About this exercise: Exact copy, pictures excluded: the lines from the one containing "Το headend D-Matrix" to the end of the listing.

Supplied entries:
______________________________
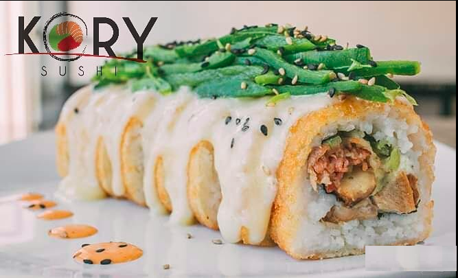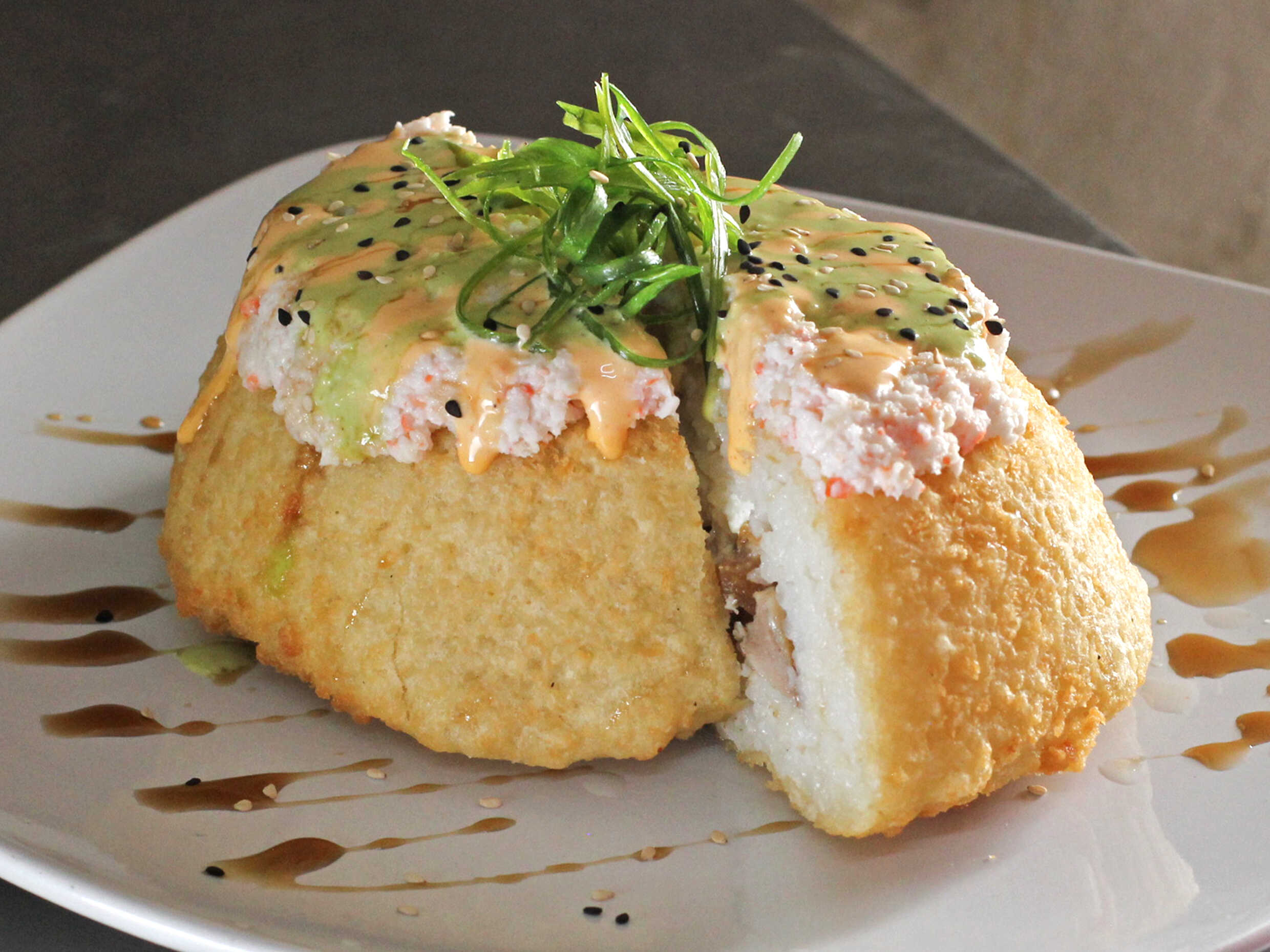 Tazón de arroz empanizado relleno de queso crema, pollo, res, surimi y camaron cubierto de Tampico.
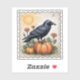 This artistic postage stamp features a regal black raven perched atop a vibrant orange pumpkin, surrounded by other pumpkins, autumnal flowers, and grassy patches under a soft, golden sun. The watercolor-like background adds a warm, rustic charm to the scene. Ideal for sending fall greetings, Halloween correspondence, or for collectors who appreciate nature-inspired and seasonally themed stamp designs with a touch of gothic elegance.
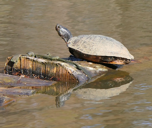 A yellow-bellied slider thought it warm enough to emerge from the mud and bask in the sunny 52 degree weather on Friday (2/13).
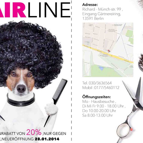 Auffallendes Flyerdesign für Neueröffnung eines Friseur | Postkarten, Flyer & Printdesign Wettbewerb
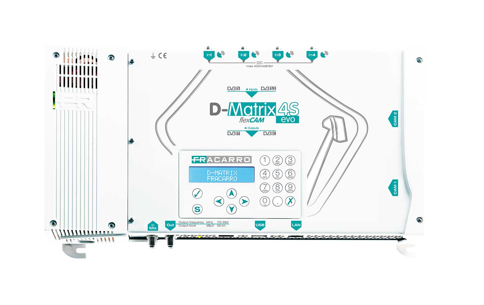 Το headend D-Matrix 4S EVO της Fracarro, παρέχει μία ποιοτική, οικονομική και «συμπαγή» λύση για τη διανομή καναλιών από 4 δορυφόρους κι ένα video playback από USB stick σε 4 DVB-T multiplex με δυνατότητα χρήσης 2 CI , κορυφαία ευκολία και εκτεταμένη παραμετροποίηση !
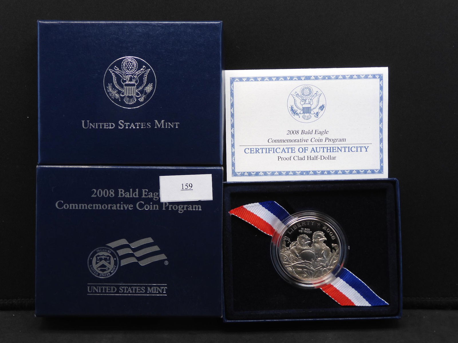 Sold4 U.S. Items Incl $1 2008 Proof Bald Eagle SilverAlso includes 2 2008 proof bald eagle half dollars (one clad), and 1991 Proof mount Rushmore half dollar. Each in original boxes with displays and COAs. IMPORTANT: Before bidding, please read the termSee Sold Price
______________________________
Written response:
 Το headend D-Matrix 4S EVO της Fracarro, παρέχει μία ποιοτική, οικονομική και «συμπαγή» λύση για τη διανομή καναλιών από 4 δορυφόρους κι ένα video playback από USB stick σε 4 DVB-T multiplex με δυνατότητα χρήσης 2 CI , κορυφαία ευκολία και εκτεταμένη παραμετροποίηση !
 Sold4 U.S. Items Incl $1 2008 Proof Bald Eagle SilverAlso includes 2 2008 proof bald eagle half dollars (one clad), and 1991 Proof mount Rushmore half dollar. Each in original boxes with displays and COAs. IMPORTANT: Before bidding, please read the termSee Sold Price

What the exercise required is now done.